Investing.com — The dollar hits its highest level of the week, as the market reassesses the relative outlook for global interest rates. Weekly jobless claims and import data will provide the first test of the tapering timeline outlined on Wednesday. The Bank of England and the Czech National Bank are both expected to raise interest rates later, albeit the former’s decision is on a knife-edge. Stocks are drifting, but Qualcomm (NASDAQ:QCOM), Toyota and Booking (NASDAQ:BKNG) are all looking strong after impressive results. And OPEC meets with Russia and others but isn’t expected to cut oil importers much slack with their December output quotas. Here’s what you need to know in financial markets on Thursday, 4th November.
1. Dollar reverses losses after Fed’s dovish tapering message
The dollar reclaimed all the losses it made in response to what most analysts saw as a modest first step by the Federal Reserve to normalize monetary policy at its meeting on Wednesday.
By 6:15 AM ET (1015 GMT), the dollar index that tracks the greenback against a basket of advanced economy currencies was up 0.4% at 94.265, its highest level this week, as analysts came around to the view that the chance of higher interest rates is still more realistic in the U.S. than in either Japan or the Eurozone, where ECB President Christine Lagarde effectively ruled out the chance of a rate hike next year in comments on Wednesday.
Stock markets in Asia and Europe followed the U.S. higher overnight, comfortable with Fed Chair Jerome Powell’s assurances that the central bank is not “behind the curve” on inflation, even though it expects current supply bottlenecks plaguing the economy to last “well into next year.”
2. Multi-speed monetary tightening in Europe
For other central banks, it’s a different picture. The Bank of England is expected by many to raise interest rates for the first time since the pandemic at its meeting, although the prospect of the economy cooling off may yet leave it to keep policy settings unchanged. Its decision is due at 8 AM ET.
Norway’s central bank, which has already raised interest rates once, kept its key rate at 0.25% but remains on track to hike again in December, while the Czech National Bank is expected to continue the trend of aggressive interest rate hikes by central European economies when it meets later. Analysts expect a further 50 basis point hike to 2.0% in its key rate, after a 75 basis point hike last month.

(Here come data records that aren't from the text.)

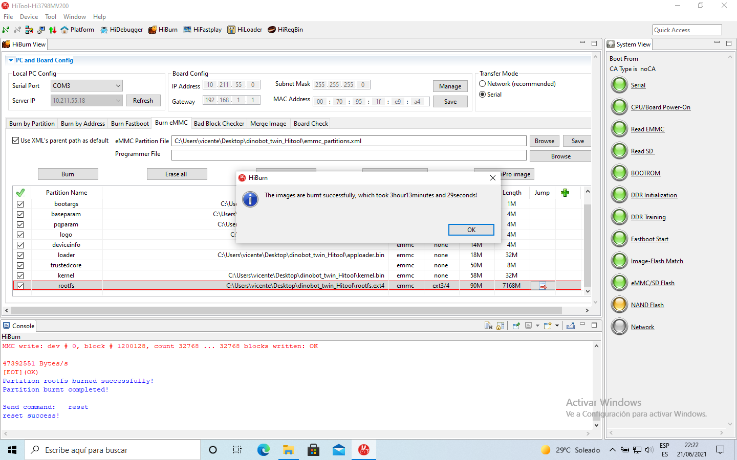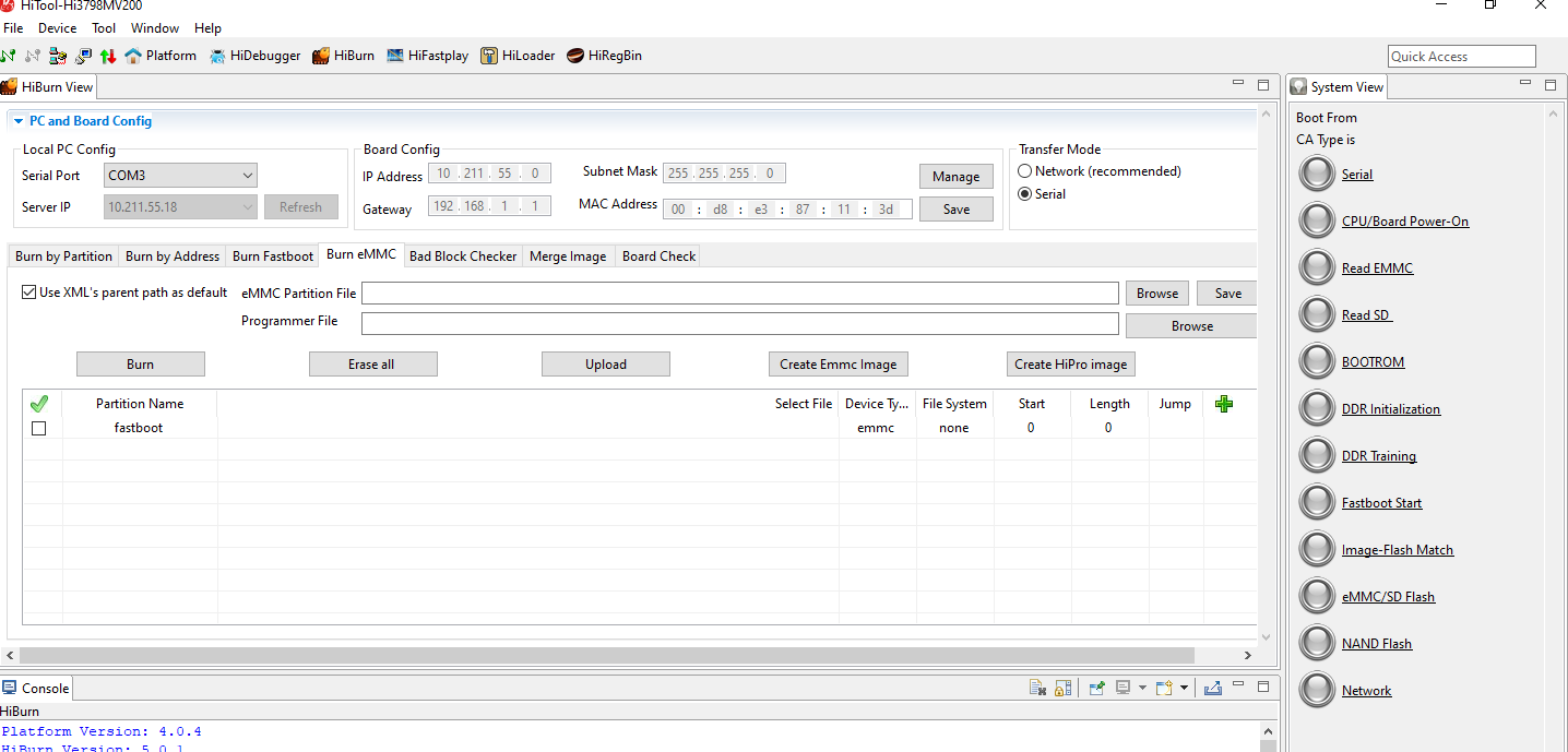 7. A continuacion en serial port seleccionamos nuestro puerto en este ejemplo COM3 y en Transfer mode seleccionamos serial y pulsamos sobre Burn eEmc
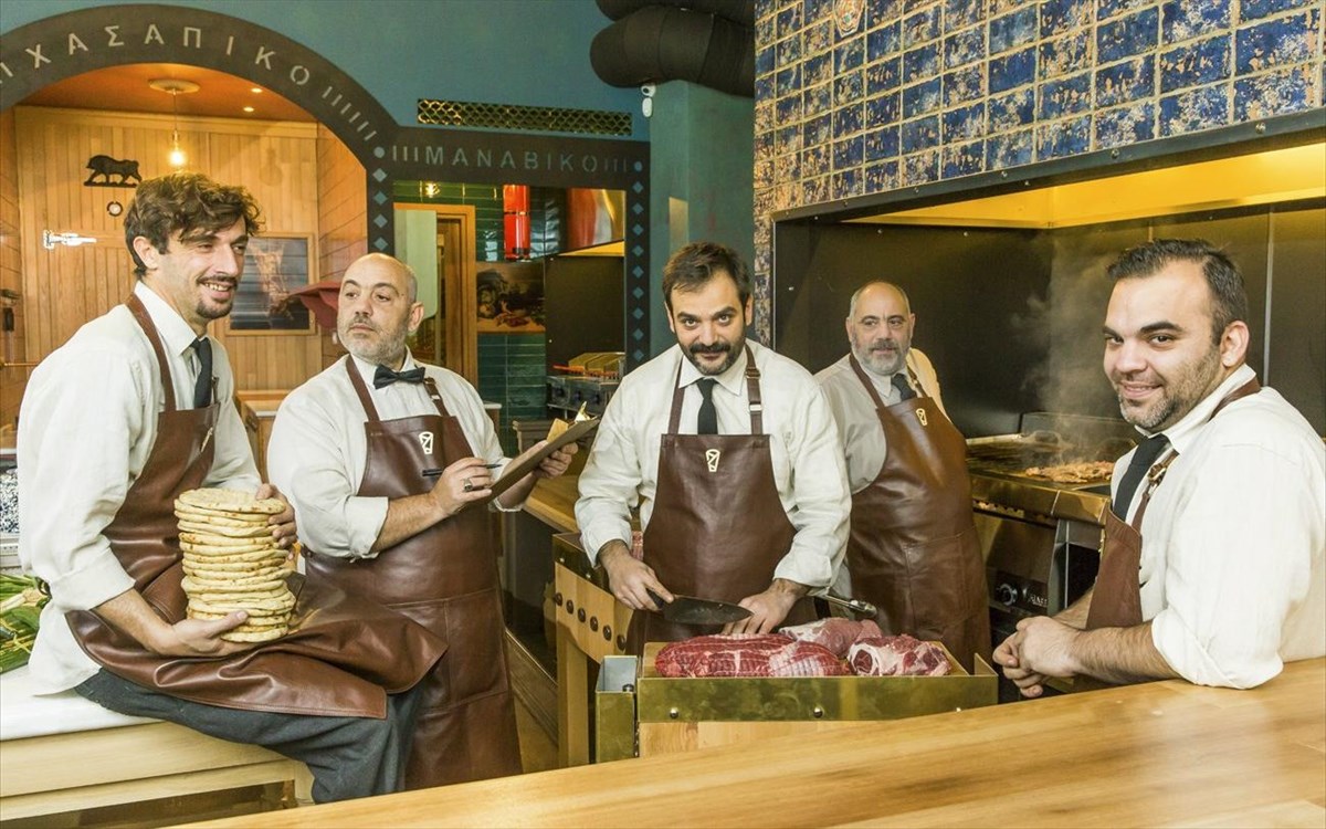Η ιδιαιτερότητα είναι ότι οι 3 βασικοί τροφοδότες (αρτοποιείο, κρεοπωλείο και μανάβικο) βρίσκονται o ένας δίπλα στο άλλο σε ένα νεοκλασικό κτίριο του Μεσοπολέμου, δημιουργώντας μια εσωτερική αγορά, όπου λειτουργούν αυτόνομα, αλλά και συμπληρωματικά, παρέχοντας τις πρώτες ύλες για το τελικό προϊόν στο κεντρικό μαγαζί, την ψησταριά.
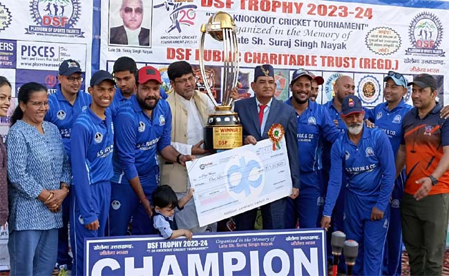 DSF Trophy T-20 Cricket Tournament: देवभूमि स्पोटर्स फाउंडेशन (DSF) पब्लिक चैरिटेबल ट्रस्ट-पंजीकृत द्वारा स्व। सूरज सिंह नायक की स्मृति में आयोजित “DSF ट्रॉफी टी-20 नॉकआउट क्रिकेट टूर्नामेंट 2023-24” का रविवार (17 मार्च 2024) को नोएडा स्टेडियम में सफल समापन हो गया। इस मौके पर संस्था की स्मारिका युवा उड़ान का भी विमोचन किया गया।
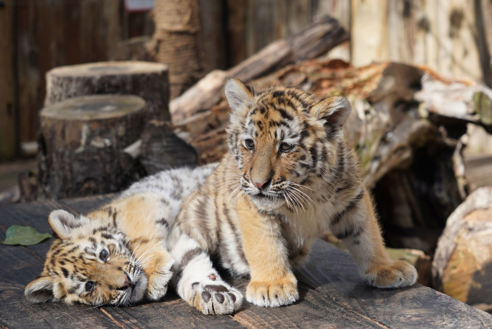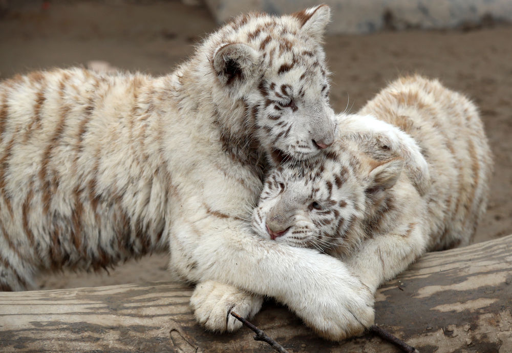 ↑1月29日在江苏南通森林野生动物园拍摄的双胞胎小孟加拉白虎。
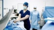After a surgical procedure, a female surgeon removes her operating gown and disposes of it in a garbage can. A surgical nurse is waiting in the background to disposes of her operating gown.
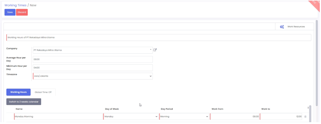 - Tab working hour, user dapat menentukan waktu kerja jika terdapat shifting untuk membagi sesi jam kerja
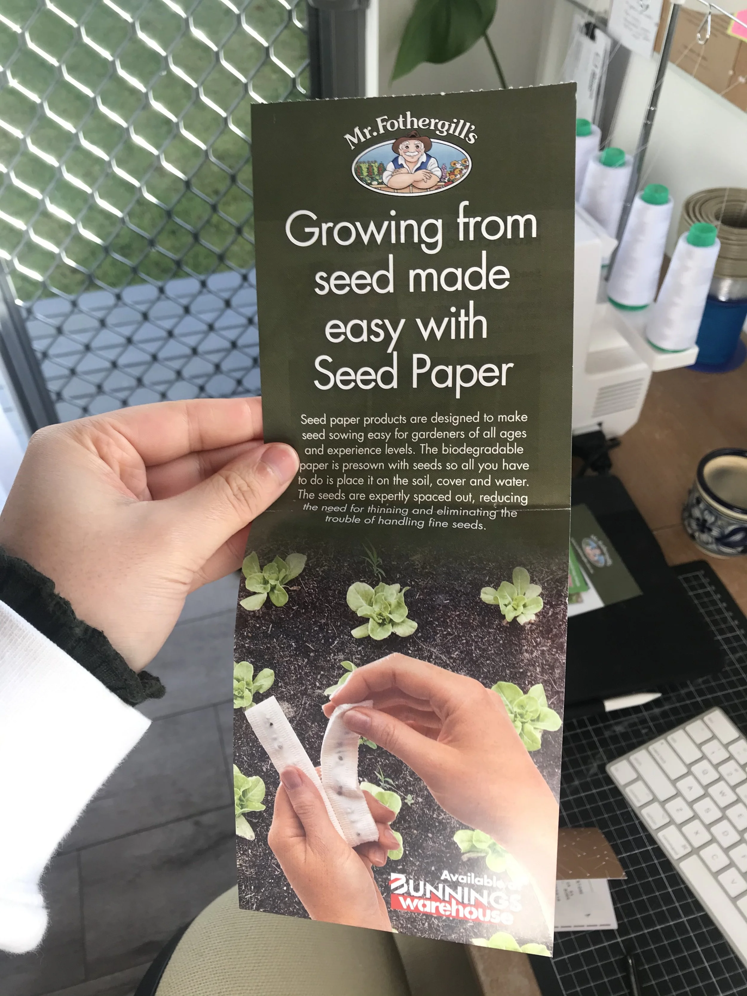 "seed paper" concept is reiterated by Bunnings pamphlet Seedlings are placed in this paper to assure the correct planting distance between seedlings for optimal growth
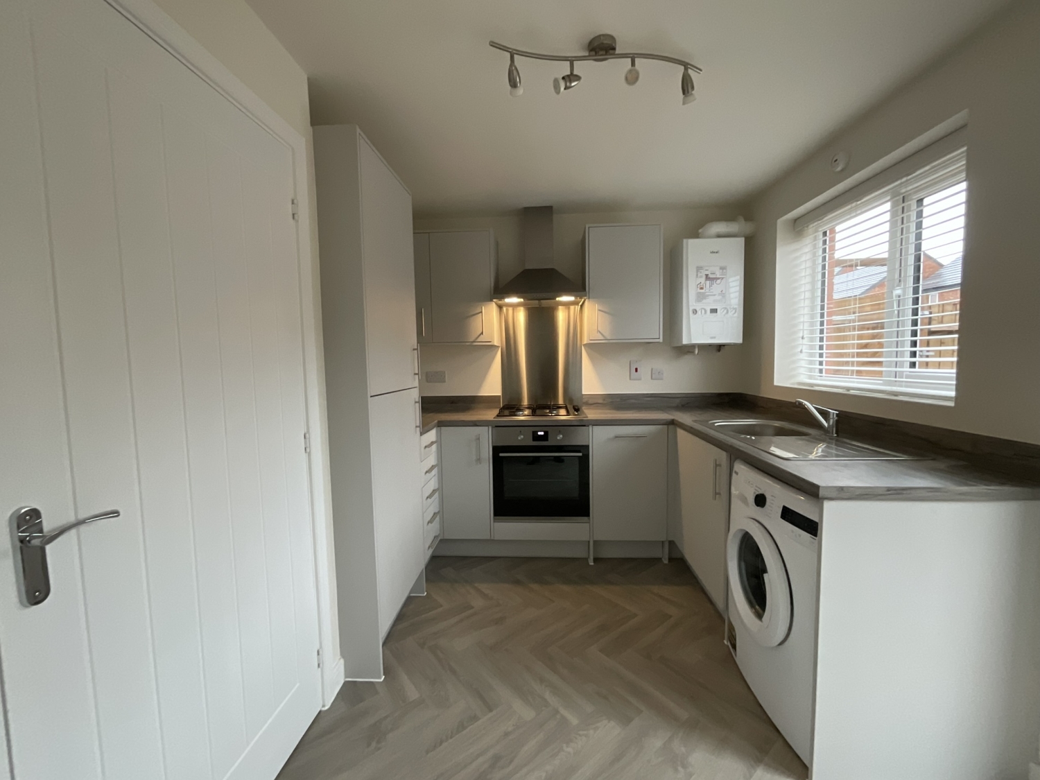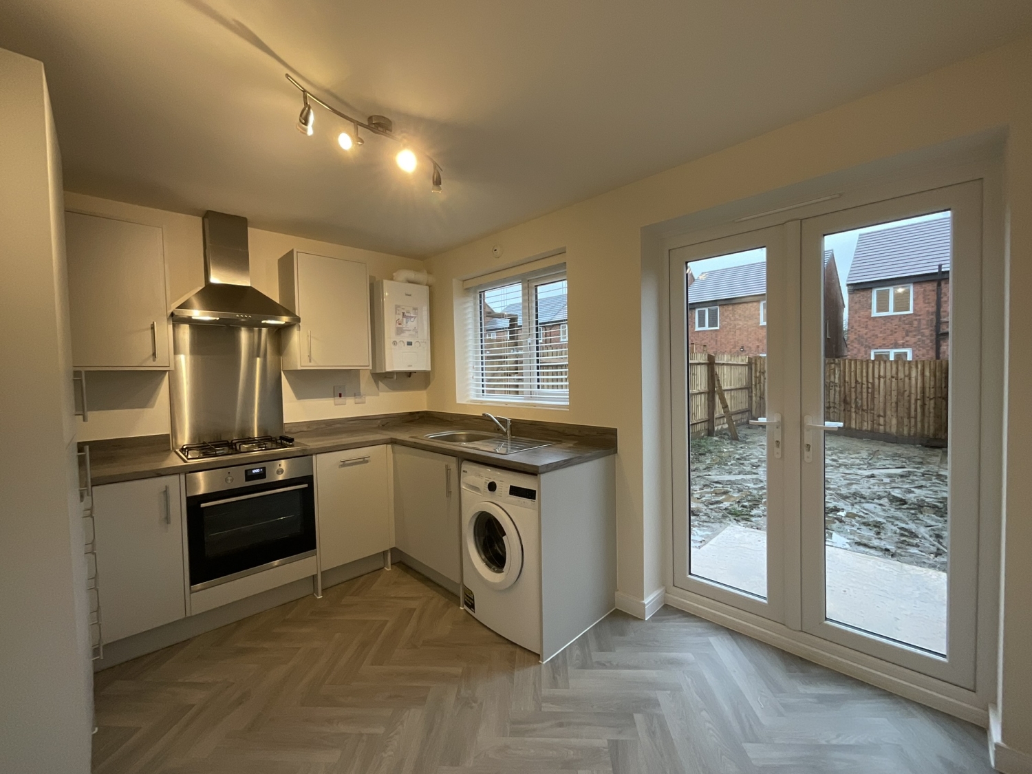 - Kitchen/diner with washing machine, fridge/freezer, electric oven, gas hob, dishwasher, extractor hood
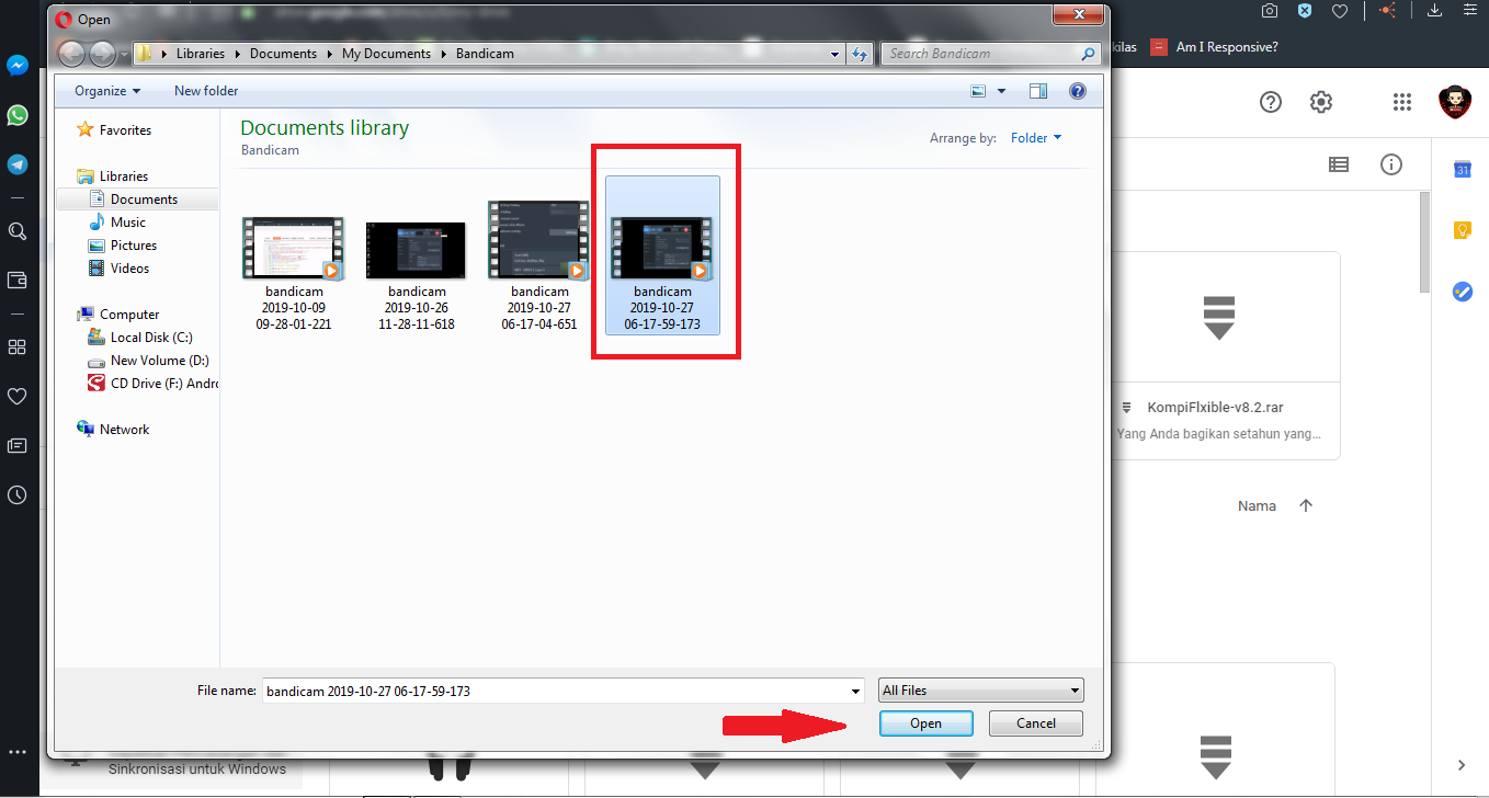 3. Pilih video yang akan dimasukan/embed ke dalam blog dan klik Open.
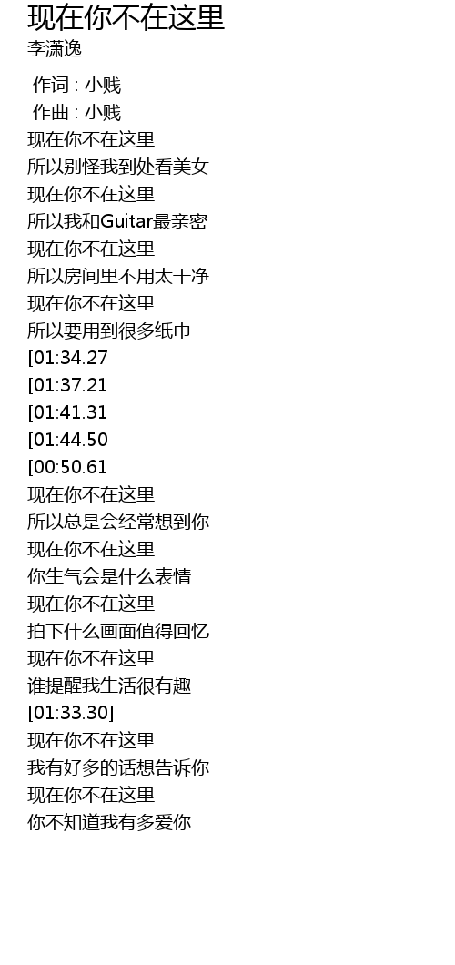 | [01:48.63][01:34.27][00:36.66] | 现在你不在这里 |

Poland’s National Bank had raised its key rate by 75 basis points on Wednesday, a second straight tightening in as many months.
3. Stocks set to open mixed; Qualcomm, Toyota shine
U.S. stock markets are set to open mixed later after closing at fresh record highs on Wednesday in response to the Fed’s announcement, in which Jerome Powell was at pains to emphasize no acceleration of the timeline for rate hikes.
By 6:20 AM ET, Dow Jones futures were down 20 points, or less than 0.1%, while S&P 500 futures were up 0.1% and Nasdaq 100 futures were up 0.4%.
The key 10-Year Treasury bond yield, which had risen as high as 1.60% on Wednesday, was back down at 1.57%.
Stocks likely to be in focus later in Qualcomm, which posted record sales in its fiscal fourth quarter on the back of strong demand for 5G phones, and Toyota, which also posted results that defied the constraints of the global chip sector overnight. Booking and lithium miner Albemarle (NYSE:ALB) also look set for strong starts after better-than-expected earnings late on Thursday.
A heavy earnings schedule is led by Zoetis, Duke Energy and Cigna early, and by MercadoLibre, Occidental, Peloton and Motorola after the bell.
4. Jobless claims, trade data to highlight economic strength
Powell had left the Fed some wiggle room on Wednesday by saying that the Fed can adjust the pace of its phase-out of bond purchases if appropriate, and weekly jobless claims data due at 8:30 may have some people already asking that question.
Initial claims are expected to edge down to a new post-pandemic low of 275,000, a day after ADP’s private payrolls report for the month through mid-October came in much stronger than expected, showing a net gain of 571,000 jobs. The Institute of Supply Management’s non-manufacturing business survey also showed a clear strengthening of activity in October.
Also of note will be U.S. trade data. Last month’s numbers showed imports running at historic records ahead of the upcoming holiday season, suggesting consumer demand remains extraordinarily strong.
5. OPEC+ to hold its course
Ministers from the Organization of Petroleum Exporting Countries will meet with Russia and other big oil exporters to decide on production levels for December.
They’re not expected to change their pre-announced plan of a 400,000 barrel a day increase, despite pressure from President Joe Biden and the leaders of other big importers such as India to pump more.
U.S. government inventory data on Wednesday strengthened suspicions that high gasoline prices are already hurting oil demand in the U.S., crude stocks rising by more than 3 million barrels last week.
By 6:30 AM ET, U.S. crude futures were up 1.4% at $82.00 a barrel, while Brent was up 1.7% at $83.38 a barrel.